The heart of my most recent storm with the Catholic Church can be traced to reproductive freedom and women's health, in the debate on access to birth control which has played out at both the national and state levels.
This year, the Missouri legislature passed Senate Bill 749, which gives employers the right to refuse to provide health insurance coverage for contraception based on “religious beliefs or moral convictions.” While the bill may have been especially intended to allow the Catholic Church to deny contraceptive coverage to employees of Catholic-related hospitals and universities (which employ non-Catholics and often receive governmental funds), it is written even more broadly so that any employer can deny its employees access to birth control by citing the employer’s moral objections.
Although this would clearly deny tens of thousands of women their own religious freedom to choose contraception if they wish, the Archdiocese of St.
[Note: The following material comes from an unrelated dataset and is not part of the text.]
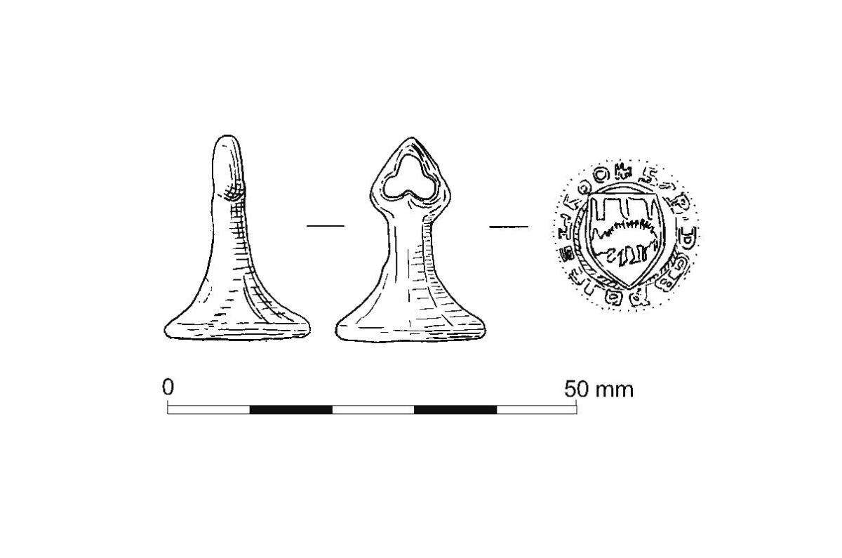 Most excavations produce individual finds that attract interest; Vanner’s Chequer was no exception. It included a 14th century seal matrix which, by its design, was probably a personal possession of a French or Norman heraldic gentleman who was visiting Salisbury.
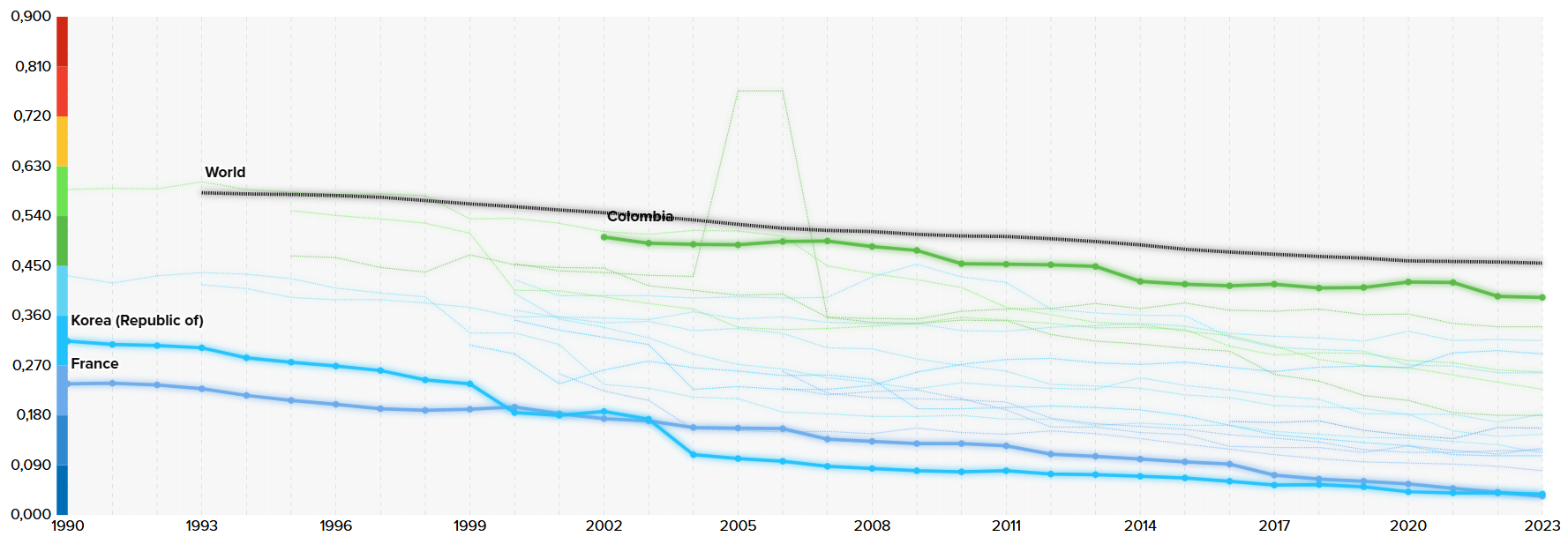 Vous pouvez aussi continuer à explorer les comparaisons entre pays avec l’interface de graphes proposée par le PNUD. Elle permet de comparer facilement les évolutions de 3 pays comme nous avons pu le faire pour la France, la Corée et la Colombie.

Louis heavily promoted this bill as one of “religious freedom,” with blog postings, forums, action alerts and more (http://archstl.org/category/tags/conscience-rights<http://archstl.org/category/tags/conscience-rights> ). In reality, of course, the bill has far less to do with protecting religious freedom than with limiting the freedom of women.(After weeks of uncertainty, the governor finally vetoed it.)
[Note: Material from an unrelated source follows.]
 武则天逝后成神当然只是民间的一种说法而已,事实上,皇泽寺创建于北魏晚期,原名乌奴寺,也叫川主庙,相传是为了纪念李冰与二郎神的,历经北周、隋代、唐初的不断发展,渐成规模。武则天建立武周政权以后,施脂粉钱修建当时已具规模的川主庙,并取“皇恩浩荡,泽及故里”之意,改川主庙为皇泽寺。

There is no way to separate women's health from reproductive freedom, so it seems that the Roman Catholic hierarchy is willing to sacrifice the health and well being of women to keep their position of privilege. The most recent attack on Catholic Women Religious is also connected to the Sisters’ moral leadership in the arena of health care access and affordability, especially for poor women. The Sisters under attack have been willing to defend the health care rights of poor women even if it means that they have to stand up to the Church and risk everything.
In last week’s Torah portion, the daughters of Zelophechad stand up to Moses and speak up when they are skipped over for their inheritance even though their father had no sons. (Num. 27) Seeds for change were sown that day that would eventually bring more equal, just and compassionate inheritance laws for women.
I believe that Arthur Waskow is right to stand with the Sisters. I will stand with him, with scars from previous attacks, to support and protect the religious freedom of American women and families from those who would threaten our very lives.
The time leading up to the ordination was the most painful clash of the personal and the political realms of my work to date. The ordination itself, however, proved to be one of the holiest days in our sanctuary, our Sukkat Shalom, our Shelter of Peace.
Taking a stand always has consequences, and true change takes time. But raising our voices together as the daughters of Zelophechad did is sure to make a little more room for the religious freedom of us all.